King Pin and Royce Monroe pulled up to The Baller Alert Show and didn’t waste a second getting into the unfiltered truth behind the music industry.
From day one game to insider breakdowns, the two industry OGs joined Ferrari Simmons and BT to put artists, managers, and labels on notice—your rollout is probably broken, and your team might not be qualified.
King Pin hit the ground running with a stat that left jaws dropped:
“87% of all music on Spotify isn’t monetized because it doesn’t have 1,000 streams… but that music still generates $47 million in revenue.”
According to him, the biggest problem with artists today is the obsession with fame instead of the business behind the music.
“They want the stardom, but they don’t understand publishing, catalogs, or even how to merge their profiles.”
Royce backed that up by breaking down just how much structure a real rollout requires.

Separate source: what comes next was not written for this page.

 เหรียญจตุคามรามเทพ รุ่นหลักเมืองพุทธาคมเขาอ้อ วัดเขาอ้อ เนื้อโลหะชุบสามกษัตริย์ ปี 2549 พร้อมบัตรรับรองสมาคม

“A label runs like a business—with departments, staff, systems. Artists trying to release music without a real team are setting themselves up to fail.”
And they didn’t just speak generally—they called out specific cases.

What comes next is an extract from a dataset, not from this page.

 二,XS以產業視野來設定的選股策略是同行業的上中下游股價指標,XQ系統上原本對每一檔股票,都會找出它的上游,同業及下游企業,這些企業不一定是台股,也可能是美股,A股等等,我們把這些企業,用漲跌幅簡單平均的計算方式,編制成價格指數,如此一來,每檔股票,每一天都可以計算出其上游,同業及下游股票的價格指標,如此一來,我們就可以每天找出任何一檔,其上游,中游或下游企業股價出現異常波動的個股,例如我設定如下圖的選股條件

“We did an audit on Jello and A$AP Rocky’s Rolling Loud rollouts on our Uncut Game Podcast, and y’all would’ve been underwhelmed. Links were broken. Merch was outdated. No call-to-action. It was chaos.”
King Pin summed it up best:
“You’re bleeding pennies, and you don’t even know it. The team around you doesn’t understand the business.”
Beyond calling out the issues, they also brought solutions. Royce shared how he’s launching a 16-week Artist Academy course, and both emphasized the need for real education.
“Every artist should take that advance money and go see a lawyer and an accountant,” said King Pin.
“Budget that check like it’s your only check for three years,” added Royce.
And don’t think they let industry folks off the hook either. Royce took aim at lazy label staff who don’t go the extra mile:
“They’re salaried. If the artist fumbles, it doesn’t hurt them. That’s why you need your own team, your own accountability.”
As for who’s running the culture now? According to them, streamers are outpacing rappers in both money and impact—because they engage.
“Streamers talk to their fans. Artists are detached. That’s why fans are checking out,” Royce said.
The show closed with a powerful reminder from both:
“You are your own industry. If you don’t treat it that way, somebody else will treat it like theirs.”